_YOUR OBJECTIVE:_ With both ends included, repeat exactly the lines of the entries below from the one containing "Media can be" down to the one containing "中国南方航空的通用航空业务主", and no others.

_DATA SUPPLIED:_
- Opening Delimiter -
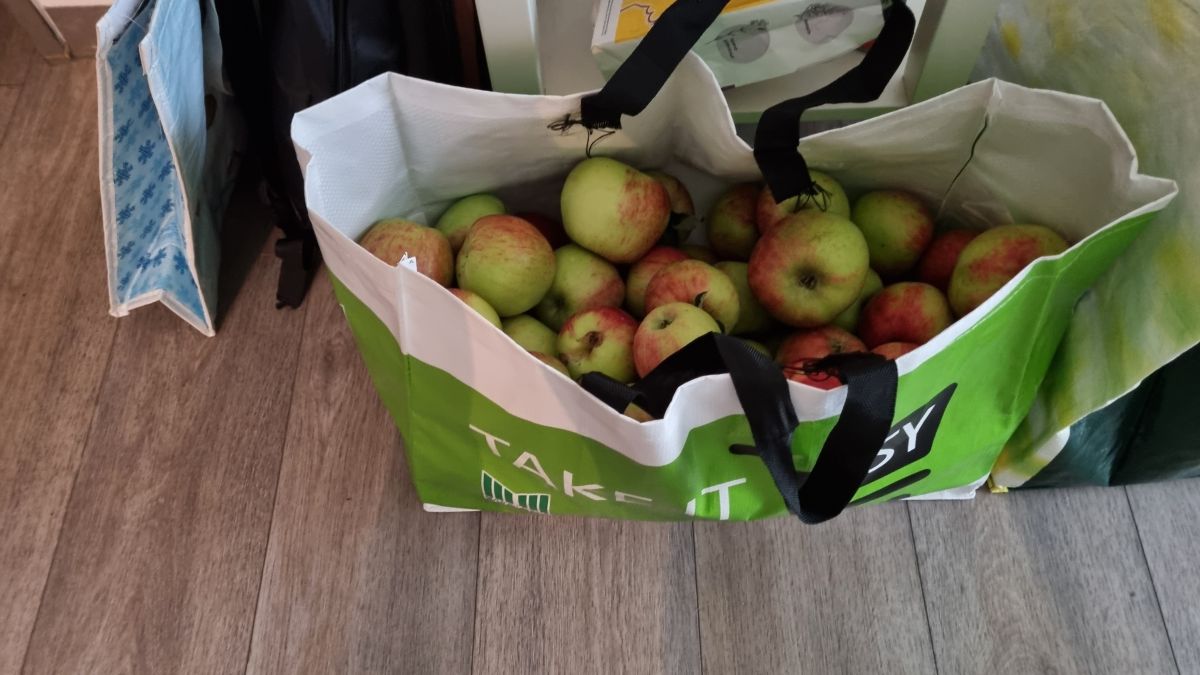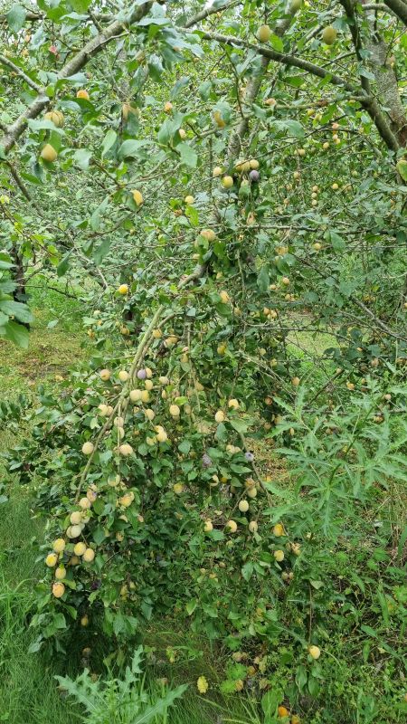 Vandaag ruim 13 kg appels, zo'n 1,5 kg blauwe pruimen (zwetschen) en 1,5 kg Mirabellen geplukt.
- Closing Delimiter -
- Opening Delimiter -
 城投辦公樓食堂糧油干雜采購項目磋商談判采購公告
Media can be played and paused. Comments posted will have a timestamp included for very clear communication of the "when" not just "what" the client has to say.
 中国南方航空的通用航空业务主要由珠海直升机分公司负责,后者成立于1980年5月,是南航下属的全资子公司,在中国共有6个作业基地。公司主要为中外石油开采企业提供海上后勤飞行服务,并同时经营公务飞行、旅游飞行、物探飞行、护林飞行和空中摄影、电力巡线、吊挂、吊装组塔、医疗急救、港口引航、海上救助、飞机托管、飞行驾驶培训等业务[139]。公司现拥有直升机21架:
- Closing Delimiter -
_EXERCISE RESULT:_
Media can be played and paused. Comments posted will have a timestamp included for very clear communication of the "when" not just "what" the client has to say.
 中国南方航空的通用航空业务主要由珠海直升机分公司负责,后者成立于1980年5月,是南航下属的全资子公司,在中国共有6个作业基地。公司主要为中外石油开采企业提供海上后勤飞行服务,并同时经营公务飞行、旅游飞行、物探飞行、护林飞行和空中摄影、电力巡线、吊挂、吊装组塔、医疗急救、港口引航、海上救助、飞机托管、飞行驾驶培训等业务[139]。公司现拥有直升机21架:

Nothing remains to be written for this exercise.